Sample collection by cohort and phase. For cohort 1, spot urine samples were collected before application of nail polish and then 2–6 hours and 10–14 hours later. For cohort 2, complete urine samples were collected over 24 or 48 hours.

Cohort 2: Urine Collection

As in cohort 1, participants were asked to remove nail polish from previous applications 72 hours before beginning the study and to not apply nail polish throughout the study except for the purpose of the study. Urine collection took place over three phases (control, nail painting, and glove painting; Figure 2). During each phase, participants collected all urine over either 24 or 48 hours (four participants collected urine for 48 hours) using a separate container for each void. Participants were asked to collect the entire volume of each void using 500mL polypropylene specimen containers and immediately freeze the sample. Participants first completed the control phase, in which they did not apply nail polish and collected all urine for 24 hours. During the nail painting phase, participants collected urine upon waking in the morning, and then proceeded to paint their fingernails with two coats of the provided nail polish and collect all urine for the following 24 or 48 hours. Nail polish was removed upon completion of urine collection. The glove painting phase mirrored the nail painting phase, but participants wore latex gloves and applied polish to synthetic nails attached to gloves. Participants were asked to keep the gloves on or near their hands for one hour post nail polish application to allow polish to completely dry before discarding the gloves. Both the synthetic nails and adhesive were tested for TPHP and were found to be below the method limit of detection (results not shown). Half the participants completed the nail painting phase before the glove painting phase, and half completed the glove painting phase before the nail painting phase. Participants waited a minimum of seven days between these two phases to ensure complete urinary excretion of DPHP from the previous phase.

Urine Processing

Extraction and measurement of DPHP in urine was performed as previously described.^{19, 29} Briefly, DPHP was measured using mixed-mode anion exchange solid phase extraction and a mass-labeled internal standard (d10-DPHP) with analysis by negative electrospray ionization liquid chromatography tandem mass spectrometry.²⁹ d10-DPHP was used as an internal standard and spiked into all urine and lab blank samples prior to extraction. ¹³C-DPHP was spiked immediately prior to analysis to quantify d10-DPHP recovery. Average recovery for d10-DPHP was 115±22%. DPHP levels were also evaluated in laboratory blanks (n=5; purified water) for quality assurance purposes and were very low (mean = 0.11±0.07 ng). Therefore, the method detection limit (MDL) was calculated using three times the standard deviation of the blanks normalized to the urine volume extracted (MDL = 0.10 ng/mL). The total volume of each urine sample was measured for Cohort 2.

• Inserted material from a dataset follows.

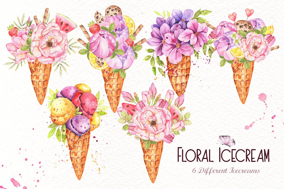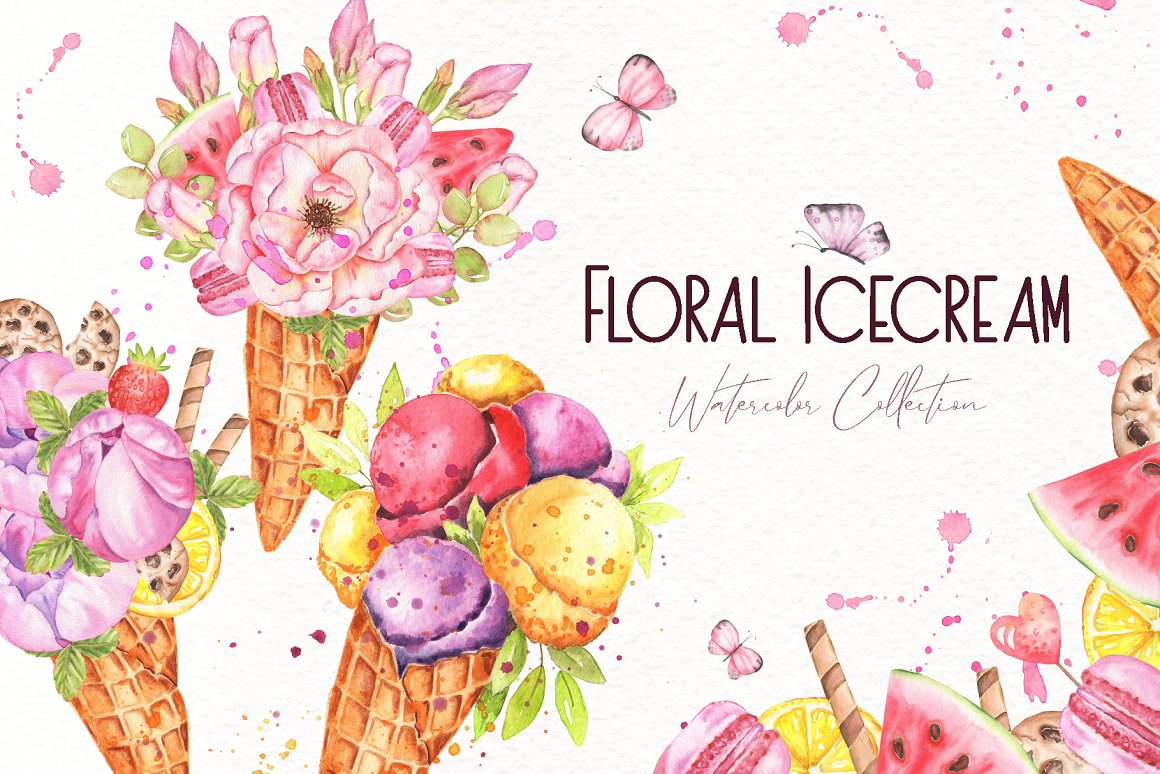 16. Floral Icecream Watercolor Set from Tanya Eksi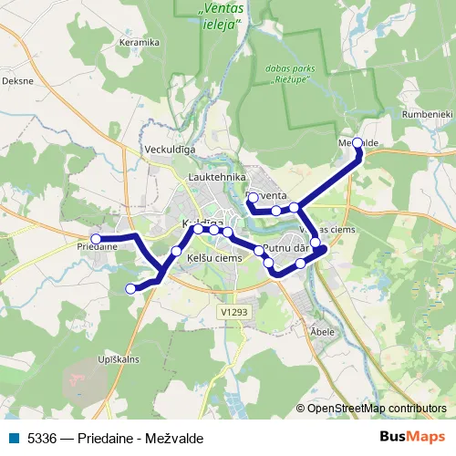 The first stop of the 5336 bus route is Kuldīgas Ao and the last stop is Kuldīgas Ao. 5336 (Priedaine - Mežvalde) is operational during ежедневно.

To account for urine dilution, specific gravity (SG) was also measured in each urine sample prior to analysis using a digital handheld refractometer (Atago, Bellevue, WA, USA). The average SG among samples was 1.013. Presented concentration data and results are based on SG corrected DPHP measurements;³⁰ however, analyses with uncorrected measurements produced very similar results (results not shown).

Statistical Analyses

All statistical analyses were performed in the R Package 2.12.02 (Vienna, Austria). Descriptive statistics were calculated for TPHP in nail polish samples and for urinary DPHP concentrations. Values below the method detection limit (MDL) were replaced with MDL divided by the square root of 2.

Preliminary analyses indicated that urinary DPHP concentrations were log-normally distributed and therefore data were log10 transformed for further analyses. To evaluate the relationship between nail painting and urinary SG-corrected DPHP concentrations over time, we used a linear mixed effects regression model, which accommodates correlation in the data caused by multiple measurements per participant.^{31, 32} To aid in the interpretation of results, we exponentiated beta coefficients (10^β) for each time point. Exponentiated beta coefficients represent the multiplicative change in DPHP levels compared to the pre-application sample. Urinary DPHP concentration data were combined from cohort 1 and cohort 2 (nail painting phase only) to match the time points of cohort 1 (T₁ = pre-application; T₂ = 2–6 hours post application; T₃ =10–14 hours post application). Urinary DPHP concentrations for each individual over time were also plotted to visually examine trends and deviations from patterns observed for the cohorts as a whole.

To determine whether personal behavior modified exposure to TPHP via nail polish, we evaluated associations between nail biting and hand-washing frequency, and the change in urinary DPHP concentrations from T₁ to T₃, i.e. the change in DPHP between the pre-application and 10–14 hour post-application samples. Beta coefficients (10^β) were exponentiated for each predictor, producing the multiplicative impact of each factor.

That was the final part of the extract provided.